Exercise: In the listing that follows, the lines starting at the one containing "애니팡 2에서 4까지" and ending at the one containing "Bengal Sultanate, coins" are to be returned exactly, both boundary lines included, and no others.

Data records:
*****
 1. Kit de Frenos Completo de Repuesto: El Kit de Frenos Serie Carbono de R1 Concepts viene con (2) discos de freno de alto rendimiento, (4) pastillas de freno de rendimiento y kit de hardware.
*****
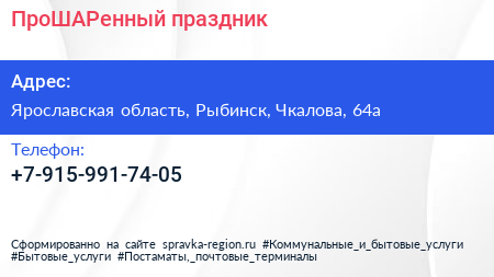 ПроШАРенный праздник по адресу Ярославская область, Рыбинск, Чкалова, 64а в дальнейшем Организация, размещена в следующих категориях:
*****
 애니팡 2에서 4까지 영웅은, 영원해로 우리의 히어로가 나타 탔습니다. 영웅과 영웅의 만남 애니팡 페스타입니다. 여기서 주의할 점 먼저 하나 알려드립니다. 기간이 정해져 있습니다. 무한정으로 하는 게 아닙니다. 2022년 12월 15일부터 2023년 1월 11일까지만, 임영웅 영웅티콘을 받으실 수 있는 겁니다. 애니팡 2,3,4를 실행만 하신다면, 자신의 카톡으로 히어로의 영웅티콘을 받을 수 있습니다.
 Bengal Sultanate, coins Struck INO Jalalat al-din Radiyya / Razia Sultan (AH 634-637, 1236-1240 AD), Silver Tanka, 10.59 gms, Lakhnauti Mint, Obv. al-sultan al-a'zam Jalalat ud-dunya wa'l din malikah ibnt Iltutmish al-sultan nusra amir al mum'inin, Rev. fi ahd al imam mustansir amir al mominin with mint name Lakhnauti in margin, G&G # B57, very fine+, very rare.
*****
Result:
 애니팡 2에서 4까지 영웅은, 영원해로 우리의 히어로가 나타 탔습니다. 영웅과 영웅의 만남 애니팡 페스타입니다. 여기서 주의할 점 먼저 하나 알려드립니다. 기간이 정해져 있습니다. 무한정으로 하는 게 아닙니다. 2022년 12월 15일부터 2023년 1월 11일까지만, 임영웅 영웅티콘을 받으실 수 있는 겁니다. 애니팡 2,3,4를 실행만 하신다면, 자신의 카톡으로 히어로의 영웅티콘을 받을 수 있습니다.
 Bengal Sultanate, coins Struck INO Jalalat al-din Radiyya / Razia Sultan (AH 634-637, 1236-1240 AD), Silver Tanka, 10.59 gms, Lakhnauti Mint, Obv. al-sultan al-a'zam Jalalat ud-dunya wa'l din malikah ibnt Iltutmish al-sultan nusra amir al mum'inin, Rev. fi ahd al imam mustansir amir al mominin with mint name Lakhnauti in margin, G&G # B57, very fine+, very rare.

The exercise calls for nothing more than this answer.